§ Exercise instructions
Write again exactly the lines in the listing below, starting at the line with "antena TV UHF" and ending at the line with "Lilan men's shirt", both included. Pictures are not copied.
*** Opening Provided information ***
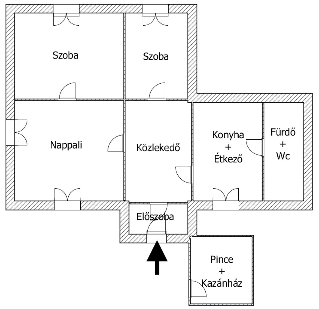Az épület az 1920-as években épült, beton alapra, kalapácsos téglából (45 cm), fa födémmel, kerámiacserép fedéssel. Az ingatlan 1999- ben nagyobb felújításon esett át, azóta a nyílászárók lettek részben kicserélve (műanyag thermo üvegezésel). A házba közművekből egyedül a villany van bevezetve, a víz fúrt kútból szivattyúval jut be az ingatlanba, szennyvíz saját emésztőbe folyik, a fűtés pedig vegyestüzelésű kazánnal megoldott, ami a pincében található.
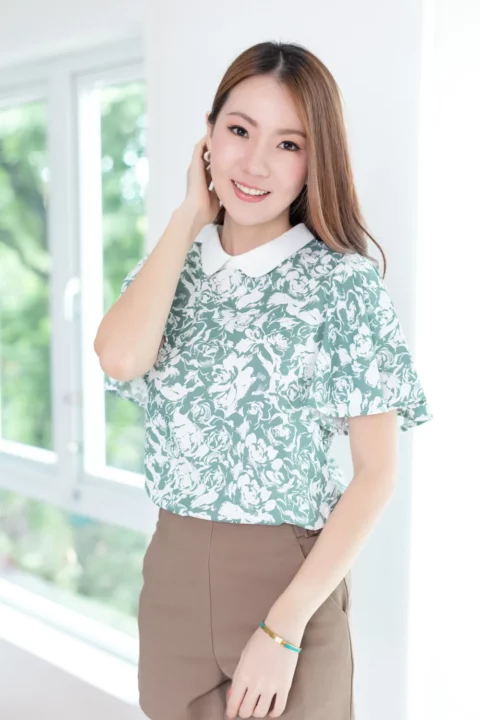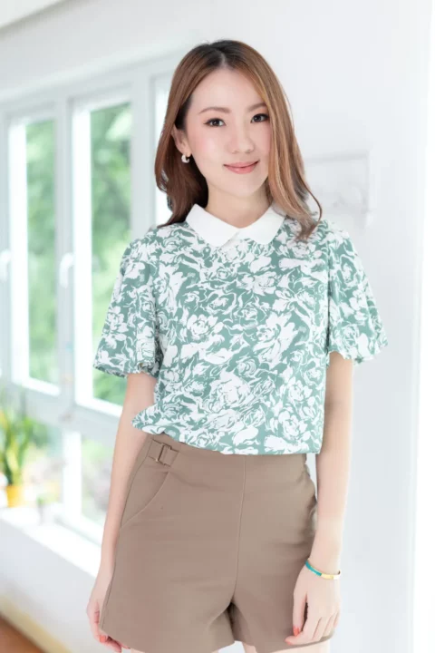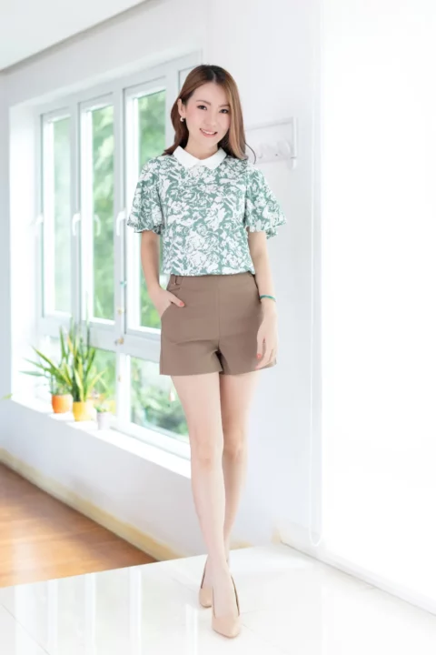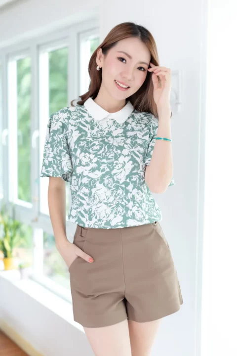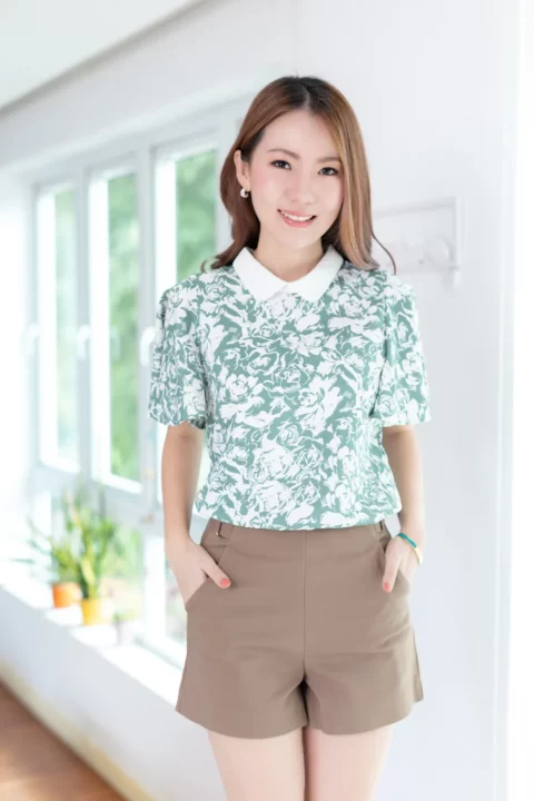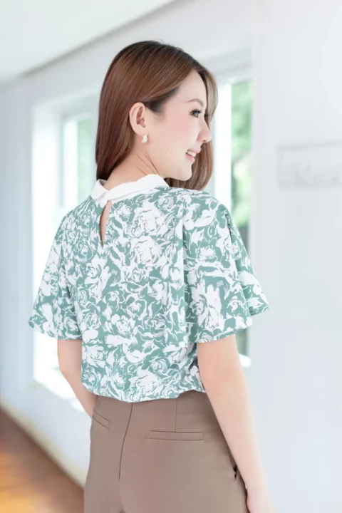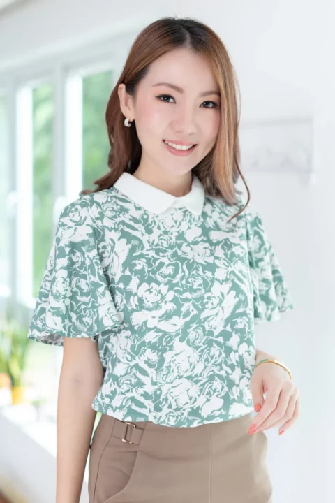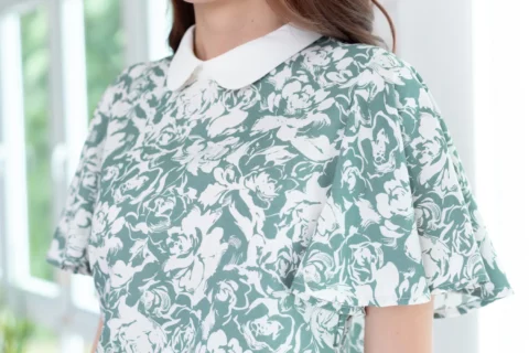 ขอมาแบบแขนผีเสื้อ นารินาริจัดให้ เสื้อคอปกบัวเล็กน่าเอ็นดู ทรงตั้งปิดคอเรียบร้อย ตัวปกเป็นสีพื้นผ่าหยดน้ำหลัง ส่วนของเสื้อใช้ผ้าลายกราฟิก แขนเสื้อทิ้งตัวพลิ้วสวยงามยาวคลุมต้นแขน ก็จะดูเก๋ๆแอบเท่ห์ ตัวเสื้อทำทรงคอดใต้อก 1 นิ้ว รุ่นนี้จะพอดีตัวขึ้นนิดนึงค่ะ
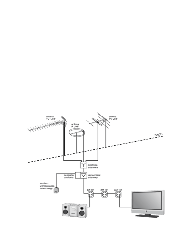 antena TV UHF antena TV VHF antena R UKF separator zasilania
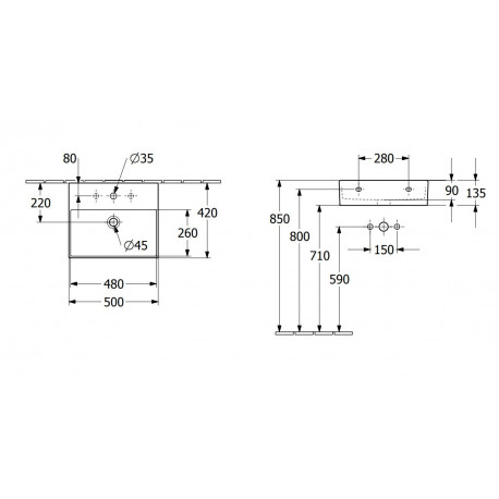 Villeroy & Boch > Санфаянс (Санітарна кераміка) > Раковини на п'Єдесталі > Memento > Умивальник Villeroy&Boch Memento 2.0 прямокутна 50x42cm, z переливом - біла
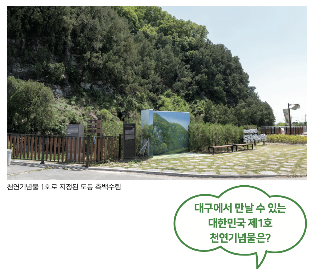 천연기념물제도를 처음 실시한 것은 1962년이었다. 이때 대구에 있는 자연유산이 대한민국 제1호 천연기념물로 지정되었는데, 60여 년이 지난 지금도 여전히 그 자리를 지키고 있다. 주인공은 바로 대구시 동구 산 180번지에 위치한 측백나무 숲.
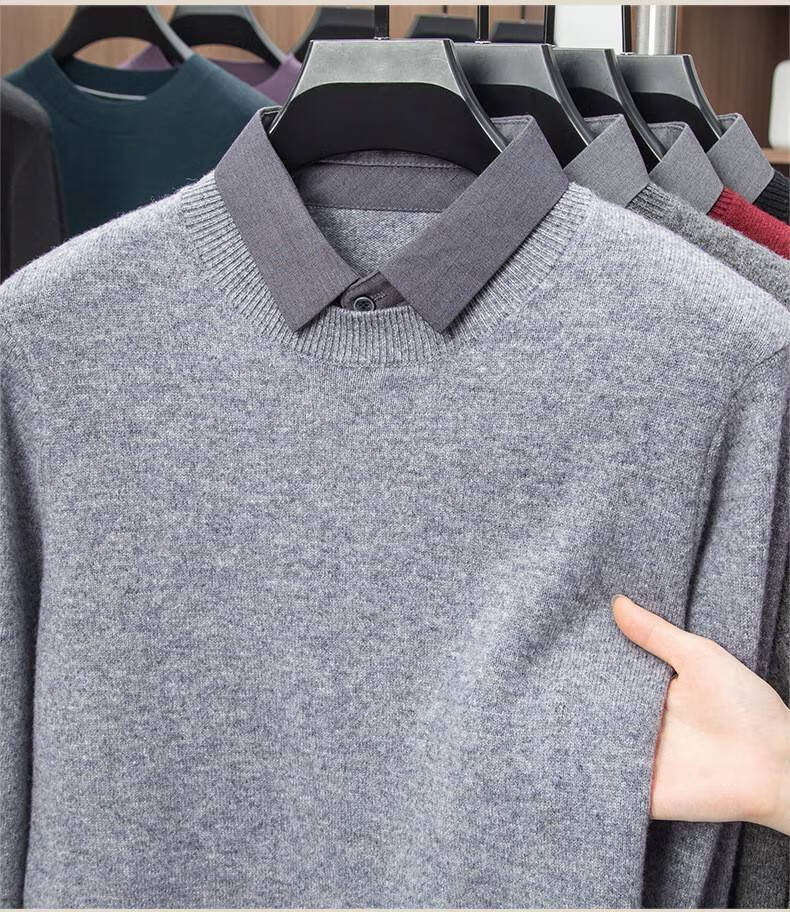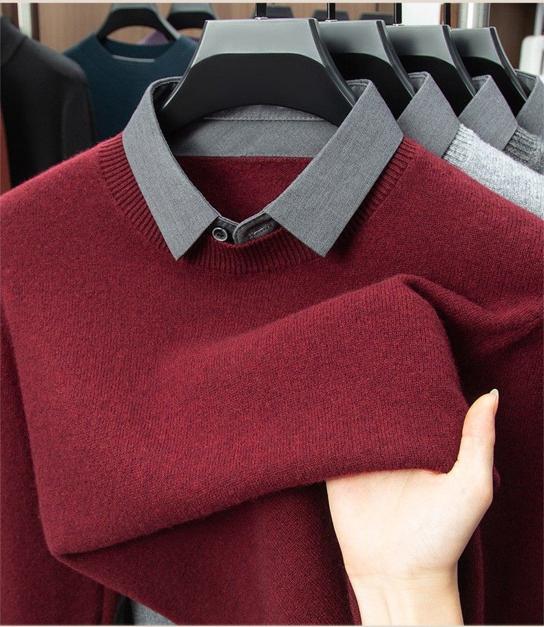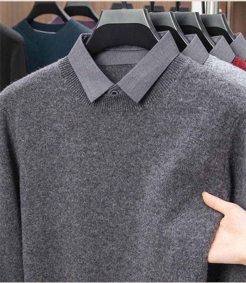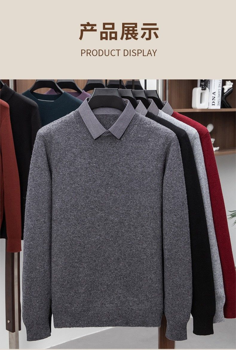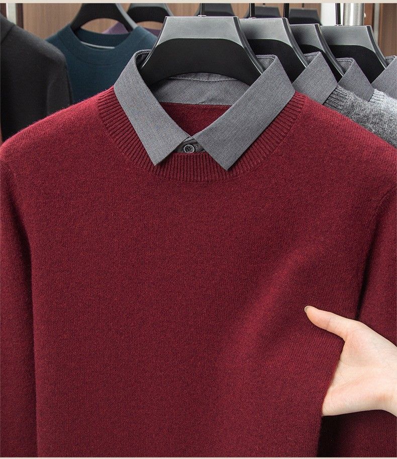 Lilan men's shirt collar fake two-piece woolen sweater round neck thickened casual top new middle-aged business sweater fake black thickened M (165)
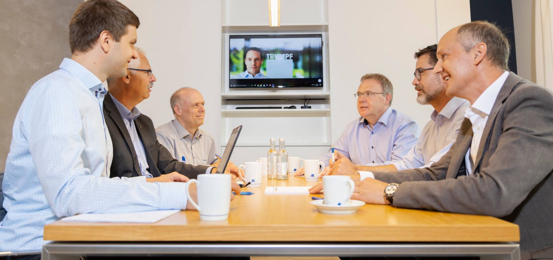 Teamwork was the be-all and end-all in the collaboration between SCHRAG and TRUMPF. Smart Factory consultants Robert Herold (front left) and Dominique Hensel (center back) were able to convince the SCHRAG project team with their expertise in on-site workshops and in virtual meetings.
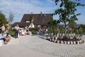 Die 36 neuen Erstklässler der Eichelbergschule Arberg erlebten einen besonderen Schulanfang. Bürgermeister Jürgen Nägelein begrüßte die 36 Mädchen und Jungen aus dem gesamten Gemeindegebiet Arberg und den Nachbarorten Wiesethbruck und Voggendorf sowie das Lehrerkollegium mit Schulleiterin Heidrun Townson an der Spitze. Er überreichte an alle jungen Lernenden einen Obstbaum, den sie im Garten ihrer Eltern oder Großeltern einpflanzen sollten. Die Kinder durften zwischen Apfel-, Birnen- oder Zwetschgenbaumsetzling wählen. Bei der Aktion waren auch die Zweit- und Viertklässler im Pausenhof anwesend, für alle Schüler der Eichelbergschule hatte der Elternrat ein reichhaltiges Kuchen- und Getränkebuffet aufgebaut. In einer kurzen Rede wandte sich Herr Nägelein an die versammelte Schüler-, Eltern- und Bürgerschaft und wies in diesem Zusammenhang auf die Funktion der Bäume und erläuterte den Lebensweg der Bäume von der Pflanzung bis hin zur jährlichen Blüte, der Bestäubung durch die Bienen und schließlich dem Ernten der wohlschmeckenden Früchte.
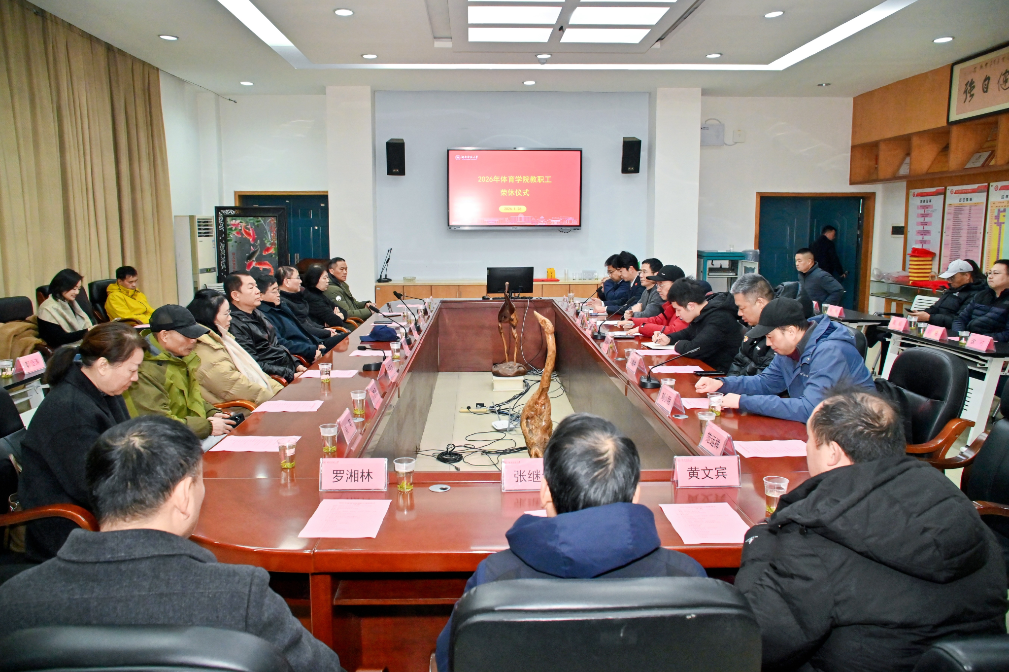 1月26日上午,William威廉官网2026年度教职工荣休仪式在教学楼一楼会议室举行。校离退休工作处党委书记尹建新、副处长方俊雄,院党委书记李波、副院长郭献中出席活动,活动由院党委副书记李皓主持。
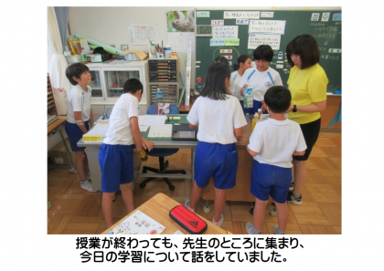 授業が終わったあとも、先生の周りに集まって、今日の学習について話をする子どもたちの姿に、今日の授業が子どもたちにとって「学ぶ楽しさ分かる授業」であったことが伝わってきました。
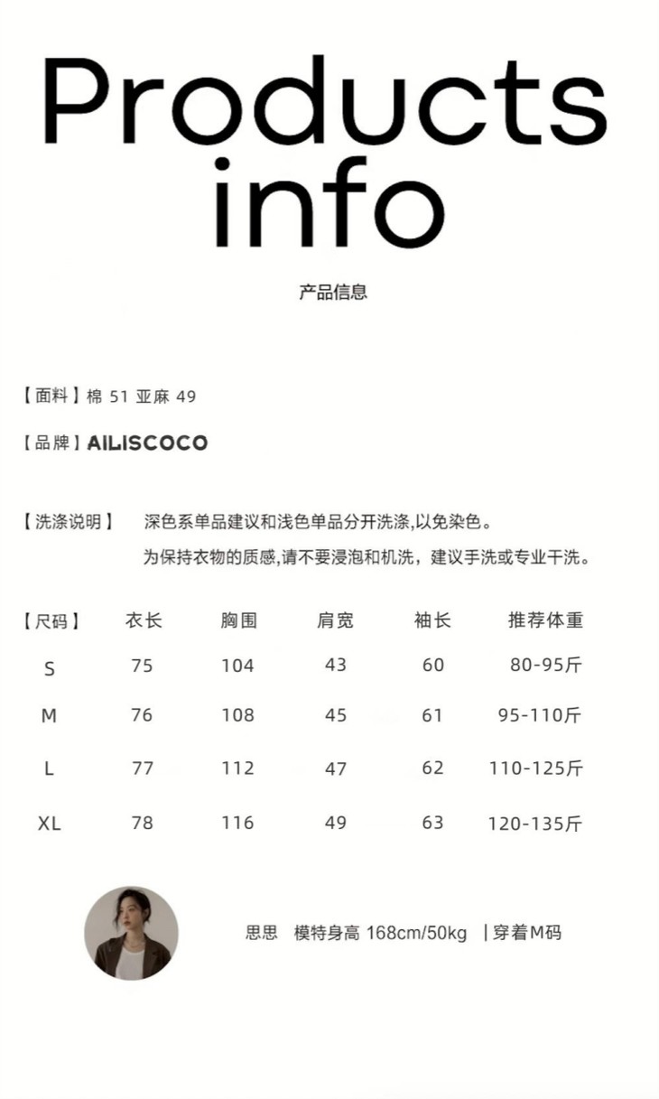 品名:法式翻领棉麻衬衫 规格:高雅黑、复古杏、复古粉 面料:51%棉、49%亚麻 发货地:广东 发货时间:下单一般48小时内发货(周末、节假日除外) 发货快递:中通快递(暂不支持指定快递) 运费政策:该商品全国部分地区包邮(新疆、西藏,港澳台地区不发货,请知悉) 售后政策:本品包装配件完整、未拆封、未水洗、不影响二次销售支持7天无理由退换货(无运费险),请知悉 温馨提醒:因显示器像素差异与拍摄灯光原因,图片与实物颜色可能存在些许色差,具体请以收到实物为准。 |
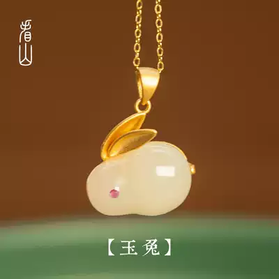 Look at the Mountain) Jade Rabbit) Hetian white jade stone pendant female adopter silver gold inlaid with ancient national wind collarbone necklace Forbidden City New
*** Closing Provided information ***
§ Output for this task
 antena TV UHF antena TV VHF antena R UKF separator zasilania
 Villeroy & Boch > Санфаянс (Санітарна кераміка) > Раковини на п'Єдесталі > Memento > Умивальник Villeroy&Boch Memento 2.0 прямокутна 50x42cm, z переливом - біла
 천연기념물제도를 처음 실시한 것은 1962년이었다. 이때 대구에 있는 자연유산이 대한민국 제1호 천연기념물로 지정되었는데, 60여 년이 지난 지금도 여전히 그 자리를 지키고 있다. 주인공은 바로 대구시 동구 산 180번지에 위치한 측백나무 숲.
 Lilan men's shirt collar fake two-piece woolen sweater round neck thickened casual top new middle-aged business sweater fake black thickened M (165)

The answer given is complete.